I am a Pakistani who has lived extensively in America, and
by lived I mean earned my living there lived, paid taxes and called America
home lived, not just went there on vacation every summer lived or went to
school for a couple of years lived. I have also simultaneously lived in
Pakistan in the same deep rooted way. I am probably not the only one with this
perspective, but I do feel it’s somewhat unique all the same to experience the
shifting sands in two countries that could not be more different during key
periods of change. I was in America when the twin towers were ruthlessly
attacked and experienced fear and anxiety rip the geniality right out of the American
populace. I was there to see it reborn and grow, slowly but surely, as almost
the entire political establishment erased bi-partisan battle lines to jointly
decide that tolerance and acceptance are two principles that must not be
allowed to die for America to be what it was meant to be.
And then Trump happened.
What this means for America is anybody’s guess at this
point. People can speculate all they want, but no one who doesn’t actually
lives in America as a minority can ever fully understand the despair this uncertainty
causes. We had been fighting hard for our right to exist in a country that we
saw was struggling with its identity, but under the leadership of a decent
human being was predominantly decent. We only had to fight because the racist,
sexist, isolationist underbelly of America had been marginalized to the point
where it was threatened enough to lash out and fight back. We saw this as the
death throes of a school of thought that had no place in a global community and
was dying its natural death.
But now, that ugly underbelly stands validated.
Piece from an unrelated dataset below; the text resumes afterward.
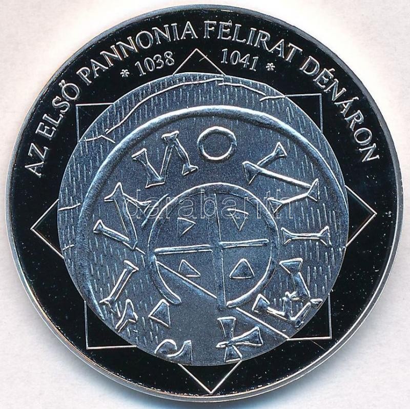 Beschreibung: DN "A magyar nemzet pénzérméi - Az első Pannonia felirat dénáron 1038-1041" Ag emlékérem tanúsítvánnyal (15g/0.333/35mm) T:PP

The POTUS-elect came in to power by stoking this dying fire
of hatred to a roaring flame. The impact of this has already been spreading in America
in the form of random racist attacks that have gone up in frequency since Trump
got the GOP nomination and now they will get worse because the perpetrators
will know that the most powerful man in the country is one of them. He has
legitimized the worst behavior imaginable in a civilized society; he even
prodded his followers to shoot his political rival dead soon after
impersonating a disabled person in the most shameful way imaginable at a press
conference. He has routinely molested women because he felt entitled to do so
and could not even be bothered to apologize for it when caught red handed. Having
such a person as a successful businessman is bad enough, but to have him is a
President is a reality so frightening that it is difficult to encompass the
fear and agony of it into words.
Most people in Pakistan don’t get it. They can’t. I don’t blame
them. They don’t know what it’s like to be a minority in a country which wants
to accept you wholeheartedly but stops just shy because of a legacy that it’s
trying very hard to shed. They don’t get it because they don’t have an
immigrant population which is as diverse, as voluminous and as entrenched in
the very roots of a nation as the one in America. I don’t blame the people of
Pakistan, or for anywhere else when they think it’s just embarrassing and
hilarious that the ‘goras’ are dumb enough or ignorant or belligerent or
whatever enough to elect someone like Trump. They don’t know, nor can they
comprehend, the implication of such an election on the minorities, on women, on
foreign policy on the day to day lives of people who call America home and will
now be told every day, on the sub way, at the grocery store, at their jobs that
their time is up, that the white supremacists are back in power bitches and its
game over for everyone else. They do not bear the scars of random, seemingly
harmless acts of racism that will grow bolder, more frequent and more violent
now because the head of the state does it too. I don’t expect them to
understand the fear and the apprehension I feel as I pack my bags to fly back
to my home in America in two days. I don’t expect them to empathize with the
anxiety this palpable uncertainty is causing across the very fabric of the
American landscape. I will find that empathy in America alone and for all
anyone knows, not even there, for long, anymore.